Le sourire est un comportement du même ordre. On sait qu'il s'agit d'une réaction toute montée très tôt après la naissance, qu'elle est liée au sommeil paradoxal (celui du rêve profond), aux premières érections génitales, et à l'état consécutif à la réplétion par le lait maternel; c'est aussi un étirement, une rétraction, qui a pour effet de mettre un organe hors circuit, et précisément l'organe le plus important pour le nourrisson, la bouche. Tout conspire donc à en faire une réalisation à la fois somatique et sémiotique des états de suspens, de disponibilité, d'indétermination. Et en effet il culmine comme expérience de l'absolu dans les bouddhas et bodhisattvas de l'art khmer. Mais c'est lui aussi qui plus modestement permet d'obtenir des solutions commodes aux petits paradoxes des dialogues quotidiens, en en rendant les termes suffisamment flottants. Ou bien encore de réaliser une forme très économique de plaisir: celle où la réalité humaine ne tente pas de surmonter les distances de la chair, de l'imaginaire et du symbolique par une rythmisation en bonne et due forme, mais seulement par une furtive et un peu vide indétermination.

Photo Bulloz, Paris

 
 

 

La sexualité

 

Enfin, l'expérience sexuelle joue chez l'homme un rôle très différent de celui qu'elle a dans le monde animal, où elle apparaît surtout comme une liquidation des tensions provoquées par les stimuli-signaux à fonction génésique. Au contraire, l'animal sémiotique qu'est l'être humain exploite la caresse sexuelle, la sensation génitale, le rapport incluant-inclus, l'orgasme pour obtenir un événement limite, qui ne soit pas seulement la rythmisation des signes, comme dans le plaisir, ou leur carambolage paradoxal, comme dans le rire, ou leur effleurement fusionnant, comme dans le sourire, mais leur confusion, sans toutefois tomber dans la «confusion morose» qu'est le sommeil, tellement révélateur de la vraie mort (pas celle dont on discourt) que jamais les philosophes n'osent le considérer.

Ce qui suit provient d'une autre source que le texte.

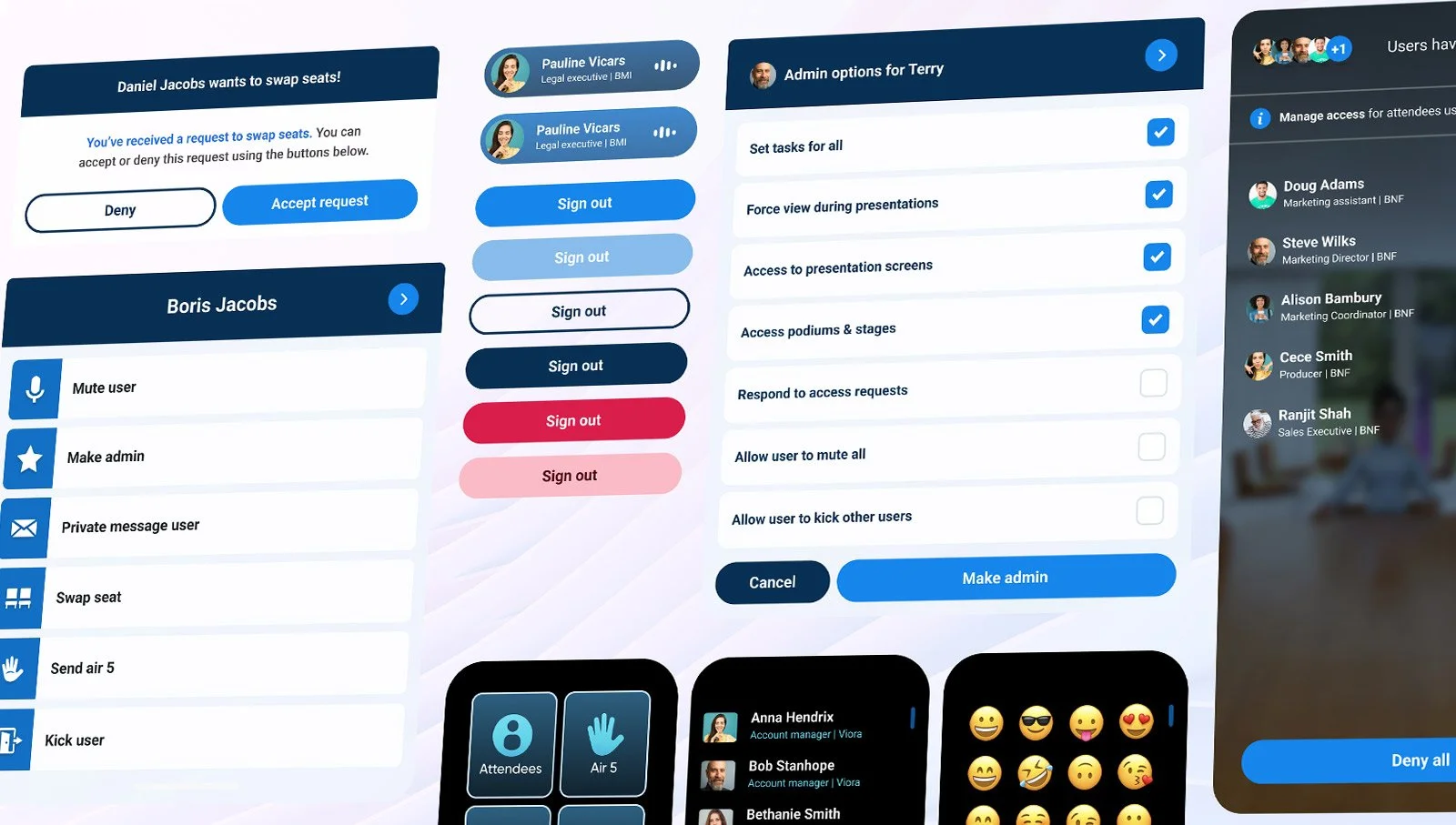 Maintaining a consistent experience for the user, from sign in to participating in a virtual meeting was key. Ensuring that Viora’s visual identity would translate over to virtual meetings was paramount, so the design system had to be flexible, covering multiple channels effectively.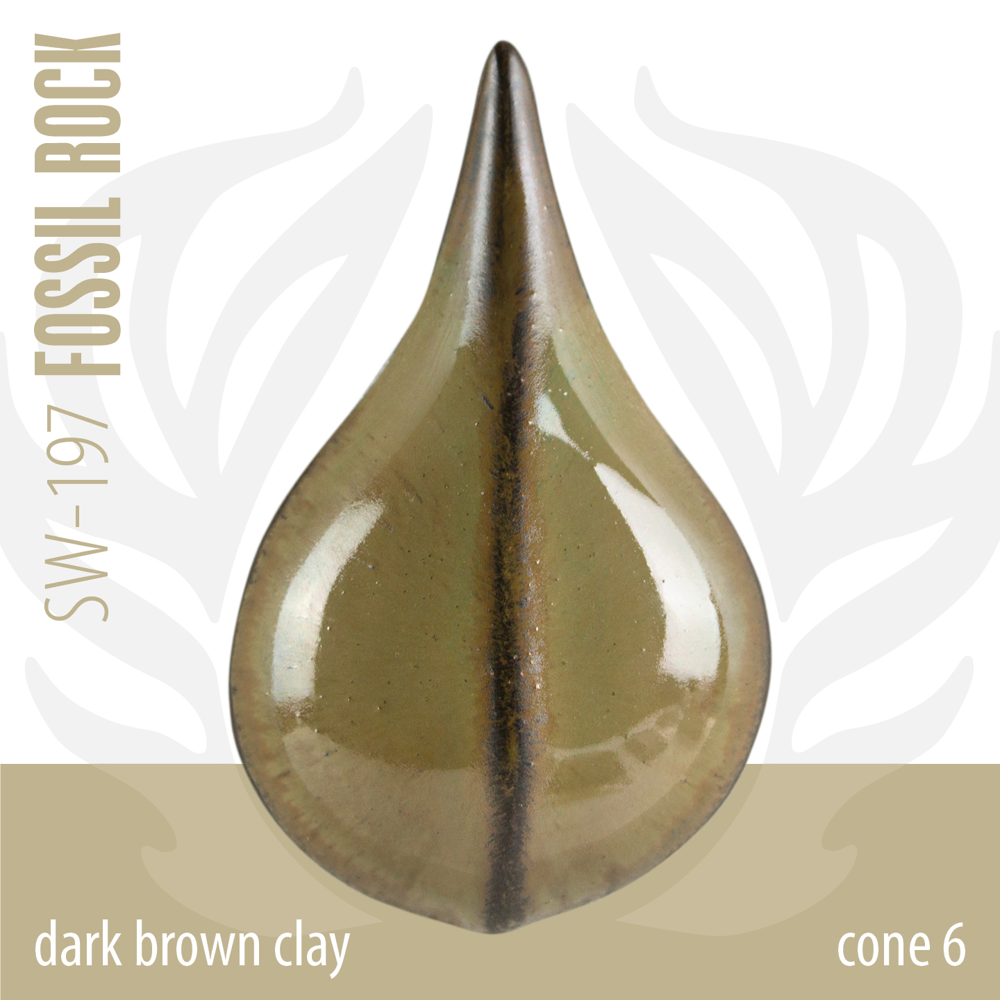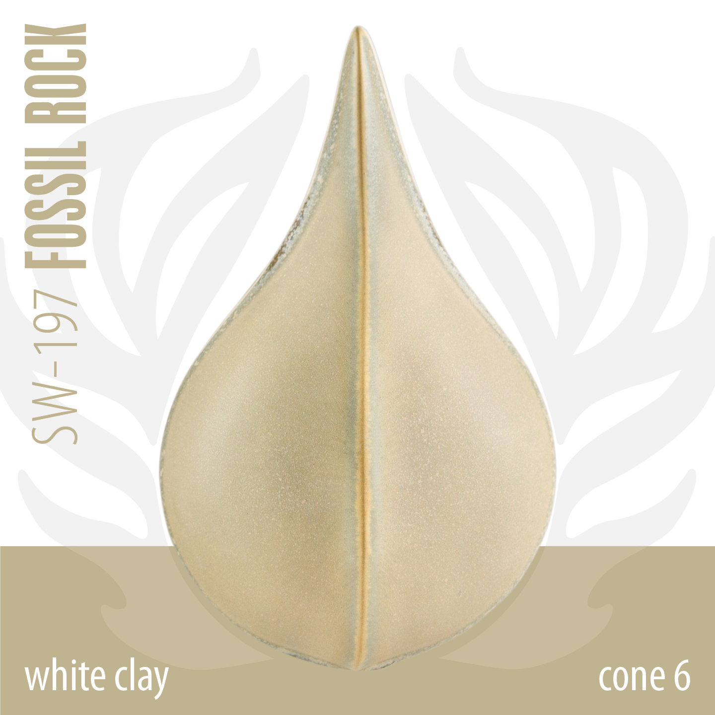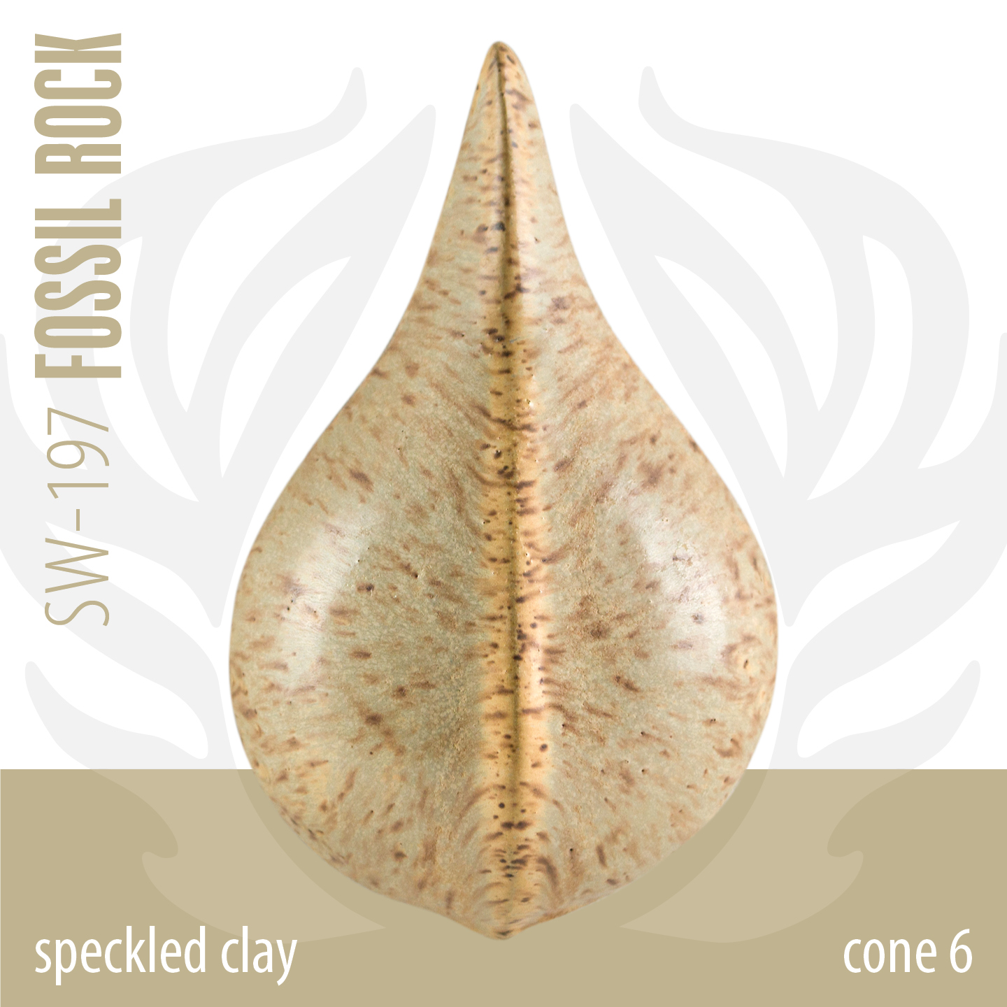 Cone 6 oxidation (1230°C): Geologically inspired with mottled earth tones, Fossil Rock is an opaque, tan, matte glaze that breaks over texture.

C'est le même au-delà du signe par confusion chez la sainte Bernin et chez l'O de Crepax.
Photo Roger-Viollet, Paris et d'après Histoire d'O, L'Essor, Paris

 
 

Déjà la caresse ordinaire, celle d'une nourrice ou d'un ami consolateur, à la fois distribue les corps en signes et nie cette distribution, proche qu'est son va-et-vient de la fusion du sourire, qui souvent l'accompagne; mais la caresse sexuelle, en favorisant et en thématisant pour ainsi dire le vertige rythmique, poursuit la confusion. Celle-ci est renforcée par la mise en forme génitale, seule réaction à être aussi manifestement végétative (non volontaire); et par la sensation génitale, qui est centrale, sise loin des foyers perceptifs et moteurs de l'organisme, et ne charriant pas à proprement parler d'information. D'autre part, la conjonction sexuelle met en oeuvre le rapport de complémentarité du type tenon-mortaise, ganté-gantant, qui est une relation surprenante, à certains égards la plus riche et la plus simple, à la fois complexe et indécomposable, où le tout à fait proche n'est pourtant pas semblable, où le dissemblable implique pourtant la forme de son autre, où ce qui est dedans est en même temps dehors, bref où l'unité devient vraiment multiple tout en restant le plus près de l'unité, déjouant si bien nos logiques courantes qu'on en parle peu ou pas, tout en ayant désigné comme une copule ce qu'on a considéré longtemps comme l'articulation fondamentale de la phrase et de la signification, celle du sujet et de l'attribut grammaticaux. Mieux encore, au cours de la conjonction sexuelle, cette coaptation anatomique dépassant la simple métaphore et la simple métonymie, et pourtant conjuguant leurs visées à chacune, est non seulement objectivée dans des organes, mais encore réalisée de manière perceptive et motrice, et cela d'autant plus fortement qu'en vertu de la coaptation rythmique des organismes accouplés la sensation et motricité de l'un tend à être obtenue à travers la sensation et motricité de l'autre. Enfin, ce dispositif à la fois de survoltage et de confusion du signe dispose de l'orgasme, ce moment où les synchronisations neuroniques de la caresse craquent en trous d'énergie, et que la sagesse populaire a profondément appelé la petite mort [4].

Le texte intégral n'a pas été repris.